The adjutant, having obeyed this instruction, approached Prince Andrew.
From the other side a battalion commander rode up.
"Look out!" came a frightened cry from a soldier and, like a bird
whirring in rapid flight and alighting on the ground, a shell dropped
with little noise within two steps of Prince Andrew and close to the
battalion commander’s horse. The horse first, regardless of whether it
was right or wrong to show fear, snorted, reared almost throwing the
major, and galloped aside. The horse’s terror infected the men.
"Lie down!" cried the adjutant, throwing himself flat on the ground.
Prince Andrew hesitated. The smoking shell spun like a top between him
and the prostrate adjutant, near a wormwood plant between the field and
the meadow.
"Can this be death?" thought Prince Andrew, looking with a quite new,
envious glance at the grass, the wormwood, and the streamlet of smoke
that curled up from the rotating black ball. "I cannot, I do not wish to
die. I love life - I love this grass, this earth, this air...." He thought
this, and at the same time remembered that people were looking at him.
"It’s shameful, sir!" he said to the adjutant. "What..."
He did not finish speaking. At one and the same moment came the sound of
an explosion, a whistle of splinters as from a breaking window frame,
a suffocating smell of powder, and Prince Andrew started to one side,
raising his arm, and fell on his chest. Several officers ran up to him.

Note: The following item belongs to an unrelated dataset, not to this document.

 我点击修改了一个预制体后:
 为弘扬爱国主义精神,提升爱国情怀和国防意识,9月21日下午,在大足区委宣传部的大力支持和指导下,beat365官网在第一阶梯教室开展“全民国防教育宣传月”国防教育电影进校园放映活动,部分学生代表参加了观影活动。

From the right side of his abdomen, blood was welling out making a large
stain on the grass.
The militiamen with stretchers who were called up stood behind the
officers. Prince Andrew lay on his chest with his face in the grass,
breathing heavily and noisily.
"What are you waiting for? Come along!"
The peasants went up and took him by his shoulders and legs, but he
moaned piteously and, exchanging looks, they set him down again.
"Pick him up, lift him, it’s all the same!" cried someone.

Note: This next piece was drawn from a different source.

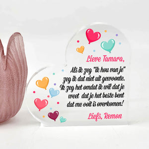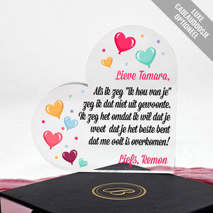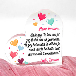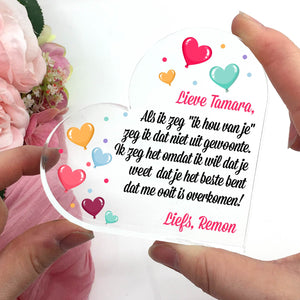 Doe vandaag nog een prachtig plexiglas hart met persoonlijke boodschap cadeau. Lasergegraveerd met eigen namen en een dikte van 1 cm.

They again took him by the shoulders and laid him on the stretcher.
"Ah, God! My God! What is it? The stomach? That means death! My
God!" - voices among the officers were heard saying.
"It flew a hair’s breadth past my ear," said the adjutant.
The peasants, adjusting the stretcher to their shoulders, started
hurriedly along the path they had trodden down, to the dressing station.
"Keep in step! Ah... those peasants!" shouted an officer, seizing by
their shoulders and checking the peasants, who were walking unevenly and
jolting the stretcher.
"Get into step, Fedor... I say, Fedor!" said the foremost peasant.
"Now that’s right!" said the one behind joyfully, when he had got into
step.
"Your excellency! Eh, Prince!" said the trembling voice of Timokhin, who
had run up and was looking down on the stretcher.
Prince Andrew opened his eyes and looked up at the speaker from the
stretcher into which his head had sunk deep and again his eyelids
drooped.
The militiamen carried Prince Andrew to the dressing station by the
wood, where wagons were stationed. The dressing station consisted of
three tents with flaps turned back, pitched at the edge of a birch wood.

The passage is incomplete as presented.